* Given data *

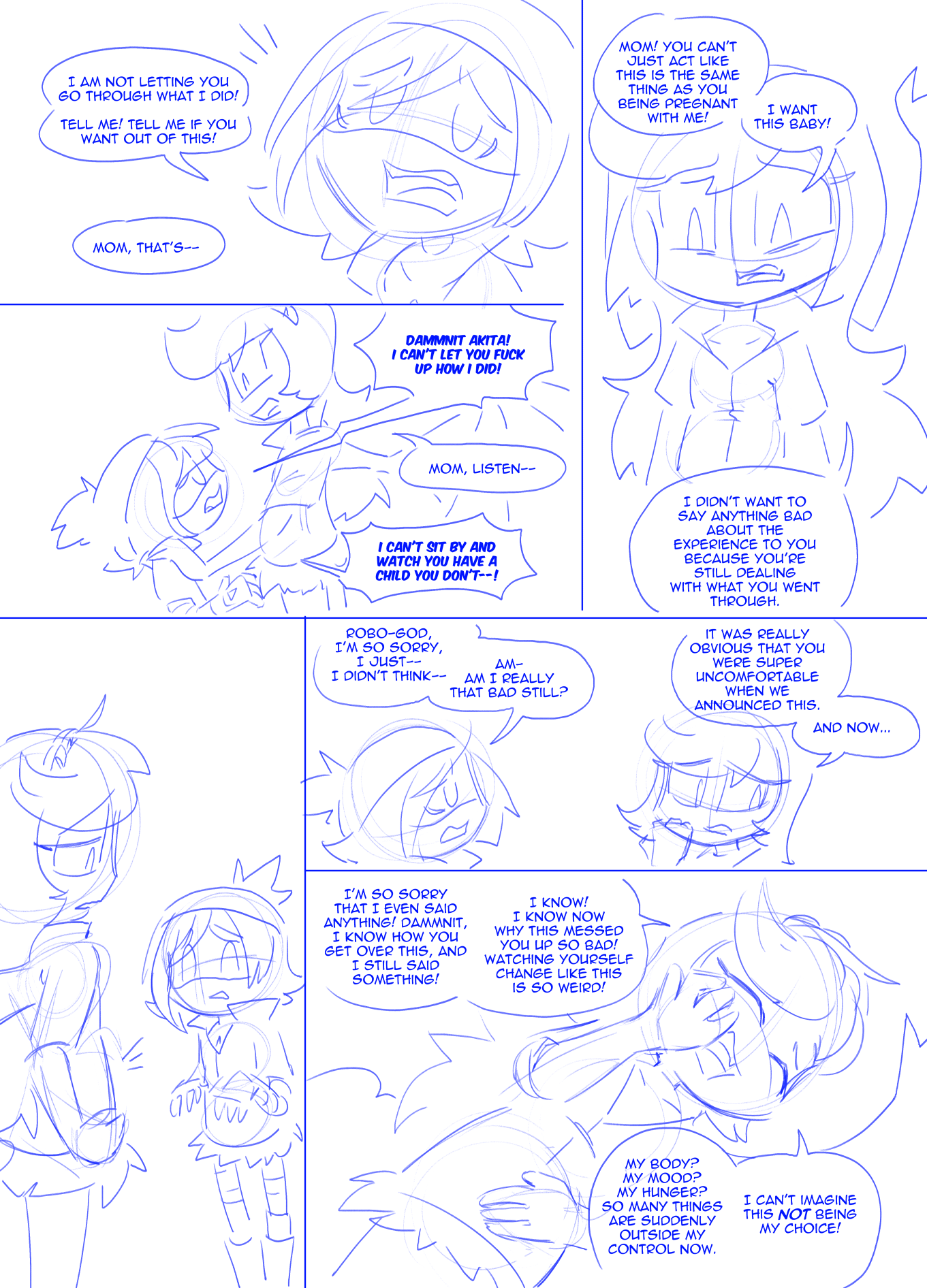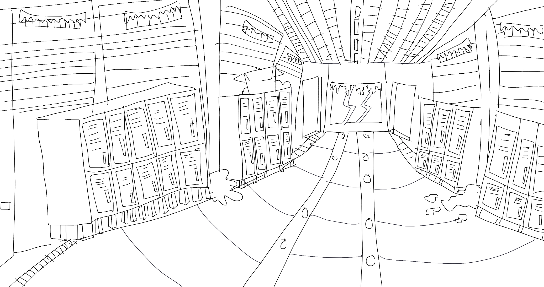 >*CREEEAK* >The sound of the door creaking wakes you up and you open your eyes. It always does this when it moves which is why you keep it…locked. That can only happen from the inside. >You push yourself up and snap your head towards the door and for a brief second you see a shadow before it disappears. >You jump off the bottom bunk bed and climb up the ladder to check on Chiappa. >She’s gone. Her blanket is all curled on the bottom end. >Your heart skips a beat as you climb down the ladder. Where is she? Why is she gone? >You can hear panting from down the hallway outside which is also the only light source since the lamp in your room is turned off. What the hell is this? >You notice a trail of saliva leading towards the door and down the hallway. >After changing out of your pajamas, you follow the train of saliva. Worry and confusion have stricken your heart. What’s going on with her? Is she hurt? >It leads outside your home and towards the hallways of the bunker. Without thinking, you follow the train outside. >There’s not a single soul in the hallways as you follow the trail. Why would Chiappa leave home? >The trail leads to another residential unit with its front door open. You look at the front door’s number plate and…this is where Rial, that drone that’s been bullying Chiappa, lives. Did he kidnap your sister?! >You enter the unit not caring that this is technically breaking and entering which is illegal. You swear if he’s made just a small dent on her… >As you move quietly through the hallway of the unit, following the trail, you can faintly hear what sounds like munching like you eating hard candy or Chiappa eating batteries. >The trail leads to another open door and you walk over to it to see what’s inside. The light isn’t that bright to illuminate the entire room but it just enough to see Chiappa kneeling over Rial who’s laying on the floor.
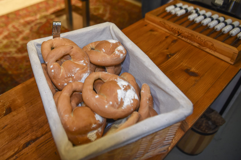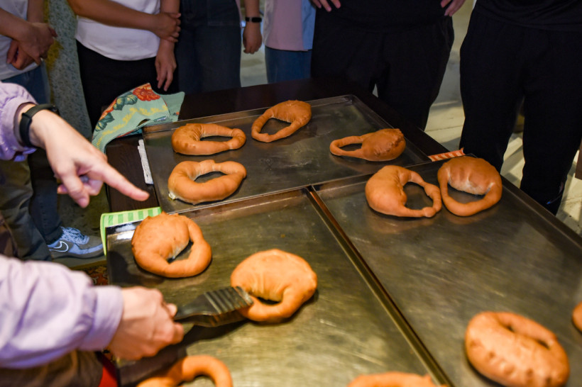 Параллельно на кухне, которую отлично видно из калачной (это соседнее помещение, отделенное стеклом), пекут калачи посетителей. Двадцатиминутный экскурс в историю пролетает незаметно под чай с калачом. В конце экскурсии всем выдают их уже готовые изделия. «Они похожи на сумку», — разглядывают свою выпечку студенты.
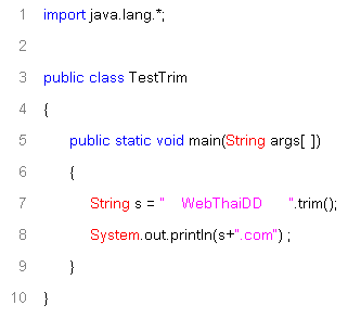 อธิบายโปรแกรม จากโปรแกรมผมกำหนดให้ตัวแปร s เก็บคำว่า WebThaiDD (อดไม่ได้) โดยผมจะเว้นช่องว่างไว้ทั้งด้านหน้า และด้านหลัง หลังจากนั้นเราจะใช้ trim() เพื่อตัดช่องว่างทิ้งไป output ที่ออกมาจะได้คำว่า "WebThaiDD.com" ครับ
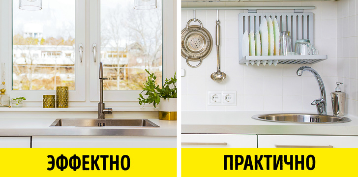 Як правило, над раковиною розміщують сушарку для посуду. Але якщо мийка знаходиться біля вікна, то сушарку тут встановити ніде і доведеться користуватися настільним варіантом, який займе частину стільниці.
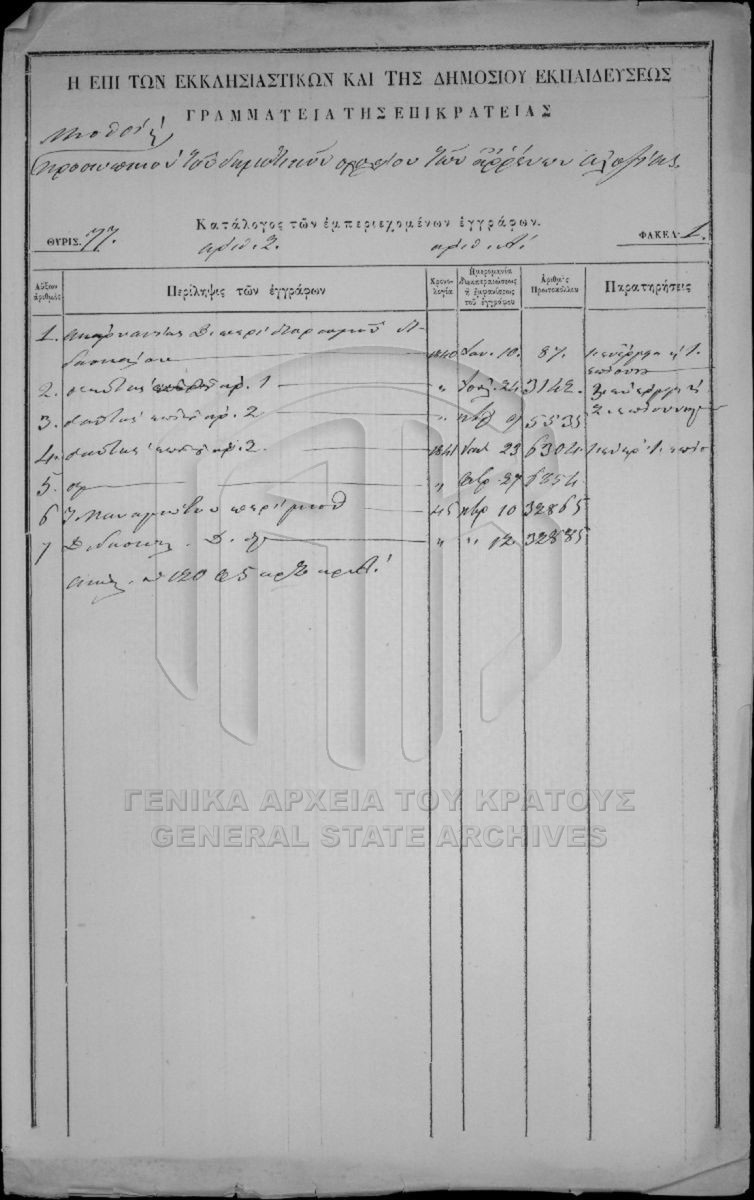 [Fonds] GRGSA-CSA_PAO013 SECRETARIAT/MINISTRY OF ECCLESIASTICAL ISSUES AND STATE EDUCATION ARCHIVE (1833-1848) - SECRETARIAT/MINISTRY OF ECCLESIASTICAL ISSUES AND STATE EDUCATION ARCHIVE (1833-1848) [1833 - 1848] Το αρχείο της Γραμματείας επί των Εκκλησιαστικών και της Δημοσίου Εκπαιδεύσεως διαρθρώνεται σε τρεις σειρές ως εξής: Ι. Σειρά των Εκκλη... |

* What you need to do *
Repeat the lines exactly, starting with the line that contains "Як правило, над" and ending with the last line of the entries. Keep both of those lines but no pictures.

* Result of this task *
 Як правило, над раковиною розміщують сушарку для посуду. Але якщо мийка знаходиться біля вікна, то сушарку тут встановити ніде і доведеться користуватися настільним варіантом, який займе частину стільниці.
 [Fonds] GRGSA-CSA_PAO013 SECRETARIAT/MINISTRY OF ECCLESIASTICAL ISSUES AND STATE EDUCATION ARCHIVE (1833-1848) - SECRETARIAT/MINISTRY OF ECCLESIASTICAL ISSUES AND STATE EDUCATION ARCHIVE (1833-1848) [1833 - 1848] Το αρχείο της Γραμματείας επί των Εκκλησιαστικών και της Δημοσίου Εκπαιδεύσεως διαρθρώνεται σε τρεις σειρές ως εξής: Ι. Σειρά των Εκκλη... |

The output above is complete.